Summary. Writing distributed Internet applications is difficult because they have to serve a huge number of requests, and the number of requests is highly variable and bursty. Moreover, the applications themselves are also complicated pieces of code. This paper introduces the staged event-driven architecture (SEDA) which has the following goals.
SEDA accomplishes these goals by structuring applications as a network of event-driven stages connected by explicit message queues and managed by dynamic resource controllers. That's a dense sentence, so let's elaborate.
Threading based concurrency models have scalability limitations due to the overheads of context switching, poor caching, synchronization, etc. The event-driven concurrency model involves nothing more than a single-threaded loop that reads messages and processes them. It avoids many of the scalability limitations that threading models face. In SEDA, the atomic unit of execution is a stage and is implemented using an event-driven concurrency model. Each stage has an input queue of messages which are read in batches by a thread pool and processed by a user-provided event handler which can in turn write messages to other stages.
A SEDA application is simply a network (i.e. graph) of interconnected stages. Notably, the input queue of every stage is finite. This means that when one stage tries to write data to the input queue of another stage, it may fail. When this happens, stages have to block (i.e. pushback), start dropping requests (i.e. load shedding), degrade service, deliver an error to the user, etc.
To ensure SEDA applications are well-conditioned, various resource managers tune SEDA application parameters to ensure consistent performance. For example, the thread pool controller scales the number of threads within stages based on the number of messages in its input queue. Similarly, the batching controller adjusts the size of the batch delivered to each event handler.
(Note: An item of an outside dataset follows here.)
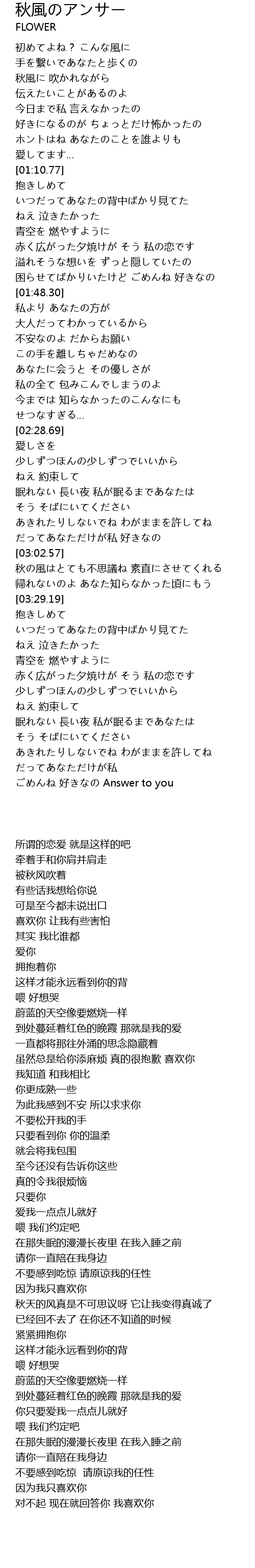 | [03:09.54] | 秋の風はとても不思議ね 素直にさせてくれる |

The authors developed a SEDA prototype in Java dubbed Sandstorm. As with all event-driven concurrency models, Sandstorm depends on asynchronous I/O libraries. It implements asynchronous network I/O as three stages using existing OS functionality (i.e. select/poll). It implements asynchronous file I/O using a dynamically resizable thread pool that issues synchronous calls; OS support for asynchronous file I/O was weak at the time. The authors evaluate Sandstorm by implementing and evaluating an HTTP server and Gnutella router.